Growth doesn’t cause scoliosis, but it accelerates it. A child with a mild, undetectable curve at age 8 may see that curve double during the rapid skeletal growth of puberty. This is why most idiopathic scoliosis is caught between ages 10 and 14. The spine is lengthening quickly, and any asymmetry in vertebral growth gets amplified.

This growth connection also explains why early detection matters. Treatment like bracing can’t reverse a curve, but starting it before a growth spurt can prevent the curve from worsening. The American Academy of Pediatrics and several orthopedic organizations recommend screening girls at ages 10 and 12, and boys once at age 13 or 14, timed to catch curves before peak growth.

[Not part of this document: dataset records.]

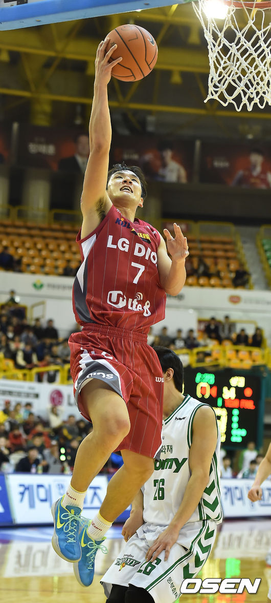 19일 오후 경상남도 창원시 의창구 창원실내체육관에서 열린 '2014-2015 KCC 프로농구' 창원 LG와 원주 동부와의 경기, 4쿼터 LG 양우섭이 속공에 성공하고 있다.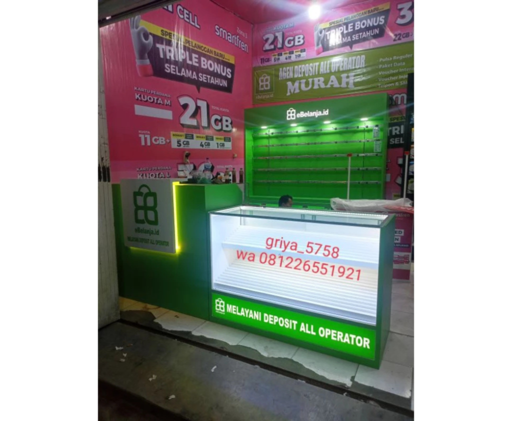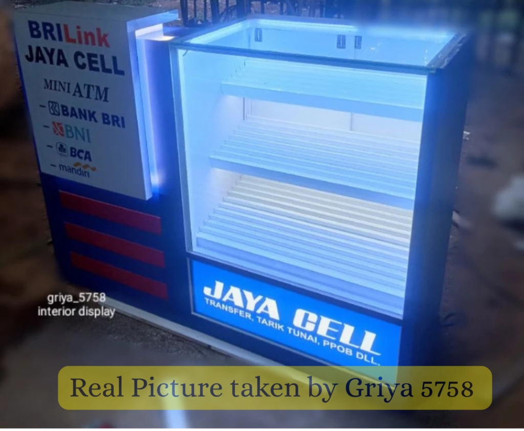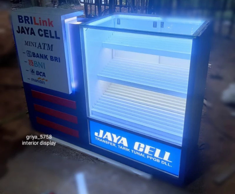 Etalase counter premium untuk agen BRILink dengan kombinasi display kaca dan branding lengkap. Produk dikirim dalam kondisi baru, sudah dilengkapi lampu dan colokan listrik, sehingga langsung siap operasional.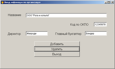 С помощью пункта меню «Настройка предприятия» можно вызвать экранную форму «Ввод информации по организации» (рисунок 2), в которой производится запись о названии предприятия, на котором применяется программа; код предприятия по ОКПО; фамилия, имя, отчество директора и главного бухгалтера предприятия.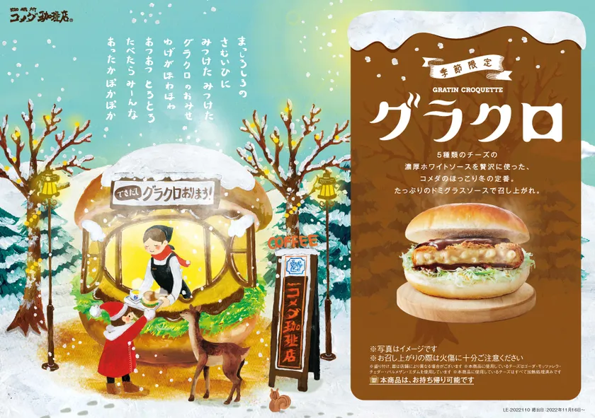 コメダの冬の定番「グラクロ」の季節がやってきました。今年のグラタンクロケットは、昨年ご好評をいただいた5種のチーズと生クリーム、北海道産クリームを使用したクリーミーなホワイトソース仕立て。チーズは、ゴーダチーズ、モッツァレラチーズ、チェダーチーズ、パルメザンチーズ、エダムチーズの5種を使用しています。生クリームと北海道産クリームのクリーミーな味わいにチーズの奥深いコクと風味を加えたホワイトソースが自慢の逸品。あつあつのグラタンをサクサクの衣で包み、じっくり煮込んで野菜の旨味を引き出したコメダ特製ドミグラスソースを絡め、キャベツとともにバンズに挟みました。お好みでペッパーソースをかけるとピリリと引き締まった味わいをお楽しみいただけます。寒い季節にぴったりの、心も体もあたたまる「グラクロ」で、ご家族やご友人と一緒に、ほっこり&おいしい時間をお過ごしください。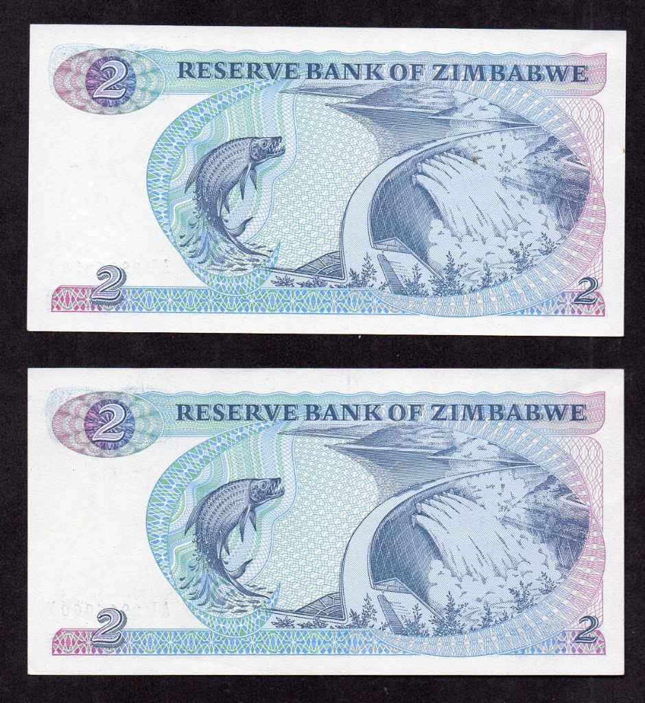 Zimbabwe 2 Dollars 1994 Type B Consecutive Pair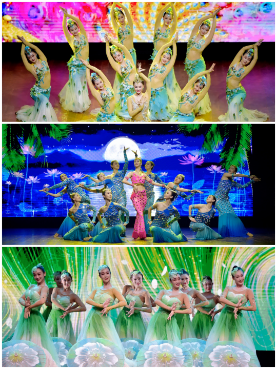 当晚7时许,在悠扬的《茉莉花开》乐曲中,演出正式拉开帷幕。歌曲《牵手》道出祖国与侨胞“山海不为远,千里心相连”的深厚情谊,舞蹈《吉祥孔雀》仿佛带领观众走近一群翩然的美丽精灵,魔术《东方色彩》则将东方神韵与现代魔术魅力巧妙融合……约两小时的演出期间,阵阵掌声、喝彩声此起彼伏。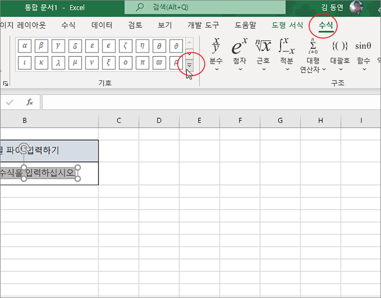 ▼ 첫 번째로 수식 입력창을 이용해서 입력해 보겠습니다. 삽입 탭 > 기호 그룹 > 수식 리본 메뉴를 클릭합니다.
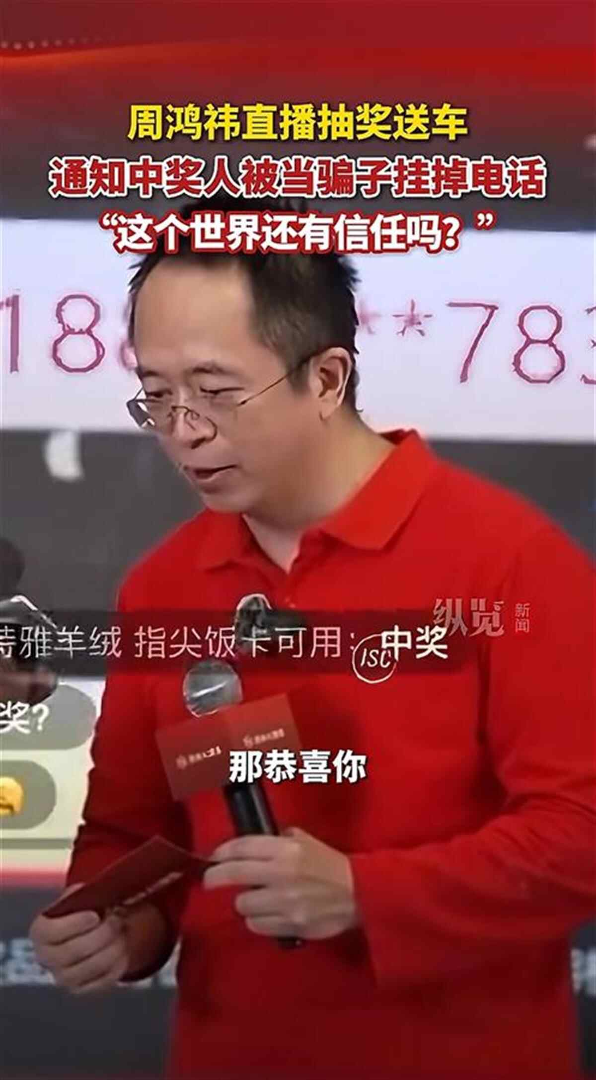 2月12日,360集团创始人周鸿祎直播送车。抽奖开始后,周鸿祎现场连麦首位中奖车主,不料对方反应异常平淡,仅简单回应“知道了”便挂断电话。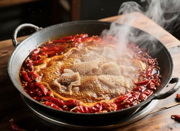 重拟物风呈现热辣沸腾的中式火锅,油光溢彩,蒸汽缭绕,辣椒与牛肚在光影中跃动,质朴木桌衬托实景感,如油画般浓郁。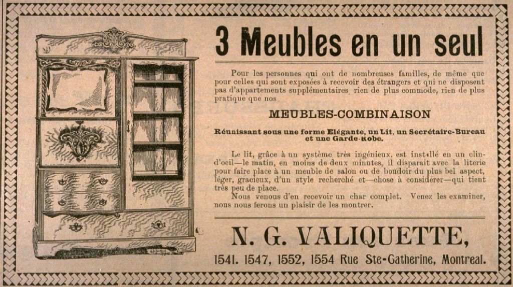 Trois meubles en un seul Réunissant sous une forme élégante, un lit, un secrétaire-bureau et une garde-robe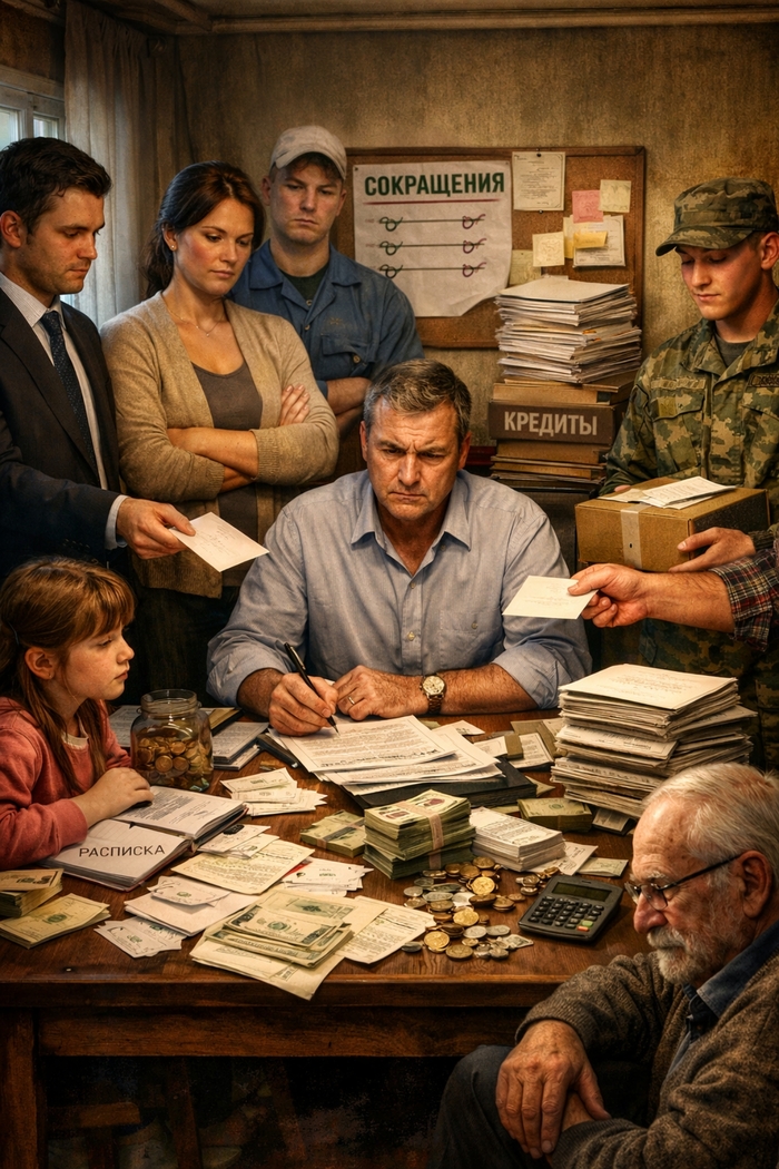 Старшие сыновья зарабатывают и скидываются в семейный бюджет. Но денег на всех не хватает — батя постоянно занимает. В основном у сыновей и немного у коллег. Само собой, под проценты.

What Doesn’t Cause Scoliosis

Heavy backpacks are one of the most persistent concerns parents raise, but the evidence doesn’t support a connection. A study examining elementary students found that overweight backpacks were significantly associated with rounded shoulders and changes in upper and lower back posture, but showed no significant relationship with scoliosis. The scoliosis rate was essentially the same whether children carried standard-weight or overweight backpacks.

Poor posture, slouching, sleeping position, and sports participation also do not cause structural scoliosis. These factors can contribute to temporary postural asymmetry, which looks different on examination and resolves when the child changes position. Structural scoliosis involves actual rotation and reshaping of the vertebrae, which external habits don’t produce. If your child has been diagnosed with scoliosis, it’s not the result of anything they did or didn’t do.